Deprotonation, Chloride Abstraction, and Dehydrohalogenation as Synthetic Routes to Bis-Pyrazolate Pyridyl Iron(II) Complexes

Abstract

The process of removal of protons and chloride, dehydrohalogenation, from [(H$_2$L)FeCl$_2$] is investigated systematically, to understand the reactivity of the implied transient LFeII. Reaction of [(H$_2$L)FeCl$_2$] with 2 equiv. of LiN(SiMe$_3$)$_2$ yields the “‐ate” complex LiClFe$_2$l$_2$, as its dimer with every iron five‐coordinate in an FeN$_4$Cl environment. To avoid Li$^+$ cation derived from LiN(SiMe$_3$)$_2$, reaction of Na$_2$L with FeCl$_2$ gives a product from addition of water, paramagnetic Na$_2$[NaFe(HL)(L)]$_2$(LFeO), which reveals Na/pyrazolate Nβ interactions and a five coordinate oxo group in the OFe$_3$Na$_2$ core of this aggregate. Abstraction of chloride in [(H$_2$L)FeCl$_2$] with NaBArF$_4$ in THF gives paramagnetic [(H$_2$L)Fe(THF)$_2$]$^{2+}$, which fails to react with CO. Dehydrohalogenation in the presence of Ph$_2$PC$_2$H$_4$PPh$_2$, dppe, gives both [LFe(κ$^2$‐dppe)]$_2$(µ‐dppe)] and [LFe(κ$^2$‐dppe)(κ$^1$‐dppe)], diamagnetic saturated species, which can be separated by pentane extraction. Dehydrohalogenation in the presence of tBuNC gives diamagnetic [LFe(CNtBu)$_3$]. This is selectively methylated at both pyrazolate β‐nitrogen atom to give [L$^{Me}$Fe(tBuNC)$_3$]$^2$+ which shows rich cyclic voltammetry, and which is reduced, with KC$_8$, to diamagnetic [L$^{Me}$Fe(tBuNC)$_2$. Structure determination of some of these, together with IR data on isocyanide stretching frequencies, show $L^{2–}$ to be a stronger donor than LMe.
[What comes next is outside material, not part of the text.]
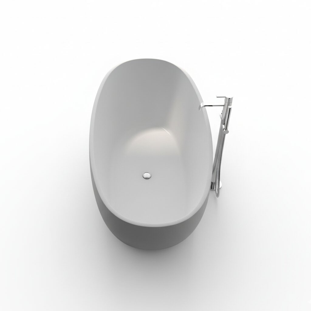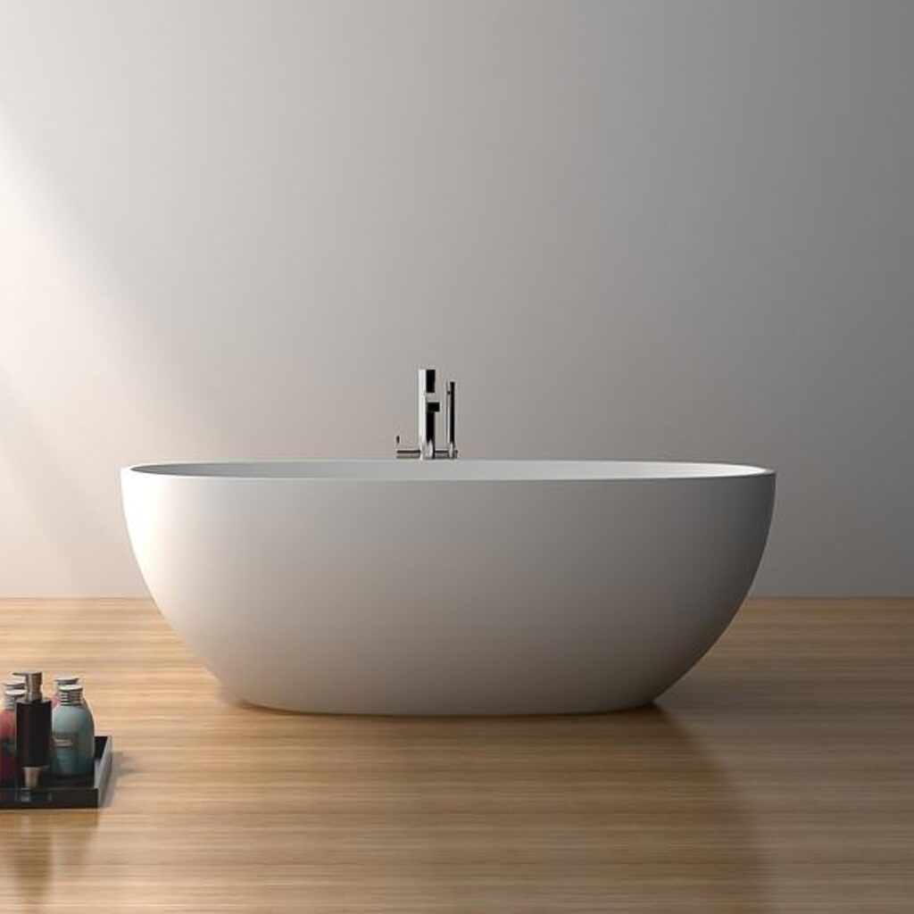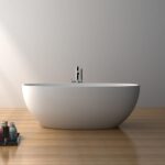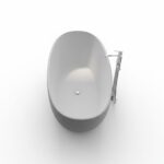 Die freistehende Badewanne Modell Carmen-165 ist aus Acrylguss (ähnlich Corian) gefertigt und verfügt über eine elegante Weiss matt Oberfläche, sowohl innen als auch aussen. Mit den großzügigen Maßen von 180 × 80 × 60 cm und einem Gewicht von 155 kg bietet diese Wanne ein komfortables Badeerlebnis. Sie kommt ohne internen Überlauf und fügt sich perfekt in jedes moderne Badezimmer ein.

First installing triflate (to avoid the more persistent chloride ligand) facilitates access to [LFe(Lewis base)$_3$]$^{2+}$ complexes, but this cation still shows relatively weak binding of CO to LFe$^{II}$, which implicates weak π basicity of that d$^6$ species. Production of paramagnetic bis‐pincer complexes [(H$_2$L)$_2$Fe]$^{2+}$ and [(L$^{Me}$)$_2$Fe]$^{2+}$ in the presence of abundant Lewis base in polar medium is demonstrated, which illustrates a pincer ligand redistribution challenge to be kept in mind when trying to maintain a 1:1 Fe:pincer ratio, for highest reactivity.